_Required action_:
Restate the lines word for word, from the one containing "Besonders betroffen von" through the last line of the entries below, without any other lines.

_Provided material_:
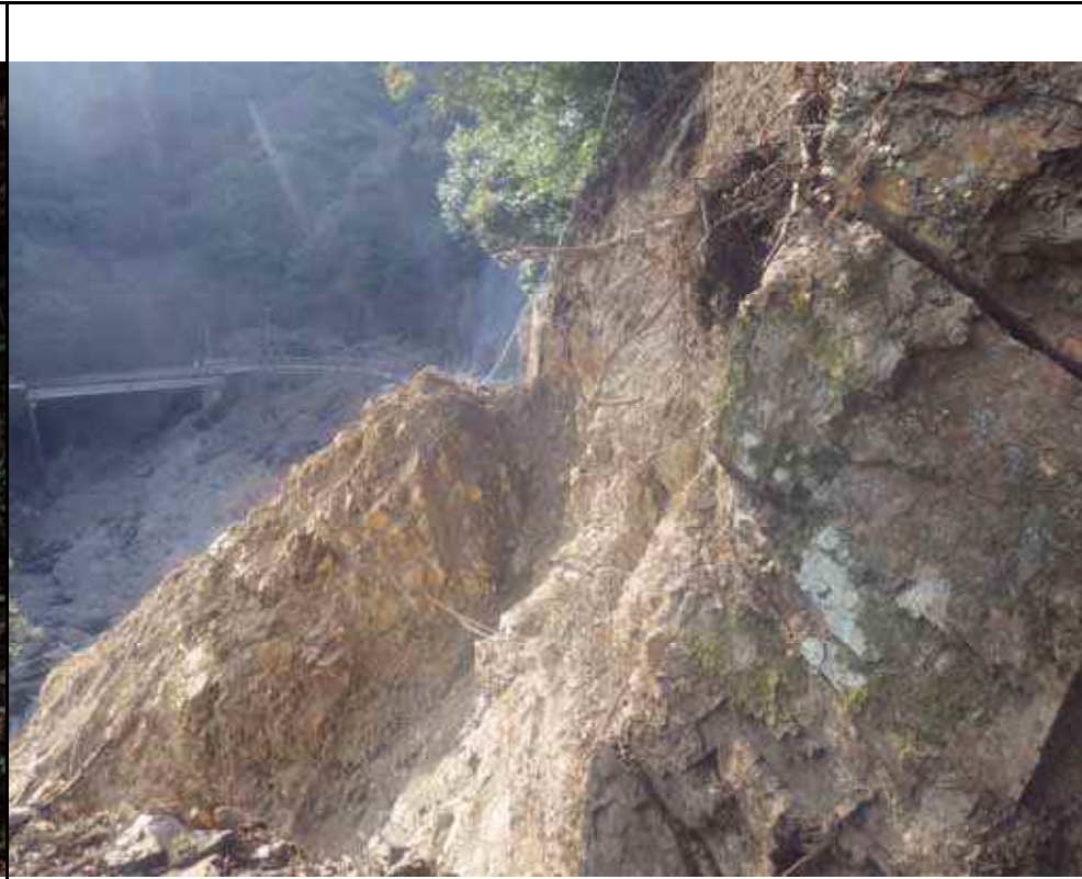
写真8：南側亀裂の状況
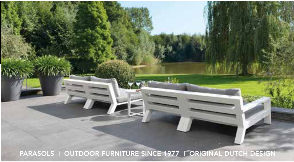
PARASOLS | OUTDOOR FURNITURE SINCE 1977 | ORIGINAL DUTCH DESIGN
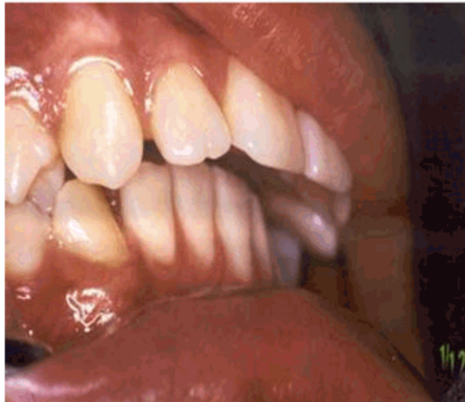
Figura 1. Oclusión antes del tratamiento.

Se toman impresiones de ambas arcadas dentarias con alginato, vaciadas en yeso piedra para obtener los modelos de estudio, se le realiza además un estudio radiográfico pero nos vemos limitados a confeccionar un estudio teleradiográfico por su carencia en la provincia.
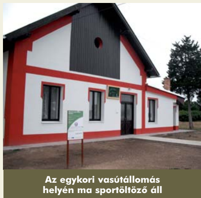
Az egykori vasútállomás helyén ma sportöltöző áll

1918 után két évig szünetelt a forgalom, majd mint határátkelő-forgalom indult meg újra. 1933-ban a határátkelő vasúti forgalom véglegesen megszűnt. Ezután a vonat Répcevis és Sárvár között közlekedett. 1974-ben egy kormányhatározat értelmében több vasútvo-
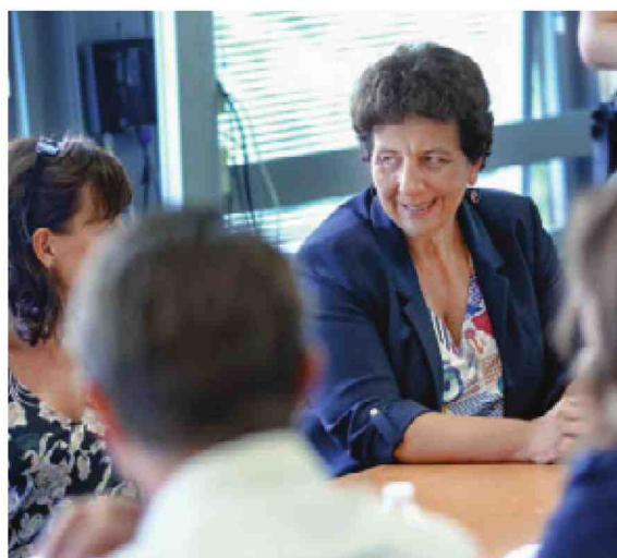
Frédérique Vidal rencontre la commission d'accès à l'enseignement supérieur de l'Académie de Lille, le 30 août. Pour le ministère, « Parcoursup fonctionne ».
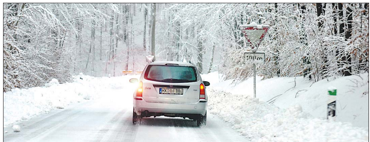
Besonders betroffen von Schneeverwehungen waren Randbereiche der Städte Willebadessen und Borgentreich. Unfälle gab es nicht.

Die Verantwortlichen in den drei Städten haben unterdessen auch die Schneelast auf ihren Gebäuden im Blick, sehen die momentane Situation aber als unbedenklich an. »Die Schneehöhe hat am Mittwochvormittag zehn Zentimeter betragen, das ist statisch unbedenklich«, so Güntermann, »kritisches könnte es erst ab 40, 45 Zentimetern werden«.

_Answer for this exercise_:
Besonders betroffen von Schneeverwehungen waren Randbereiche der Städte Willebadessen und Borgentreich. Unfälle gab es nicht.

Die Verantwortlichen in den drei Städten haben unterdessen auch die Schneelast auf ihren Gebäuden im Blick, sehen die momentane Situation aber als unbedenklich an. »Die Schneehöhe hat am Mittwochvormittag zehn Zentimeter betragen, das ist statisch unbedenklich«, so Güntermann, »kritisches könnte es erst ab 40, 45 Zentimetern werden«.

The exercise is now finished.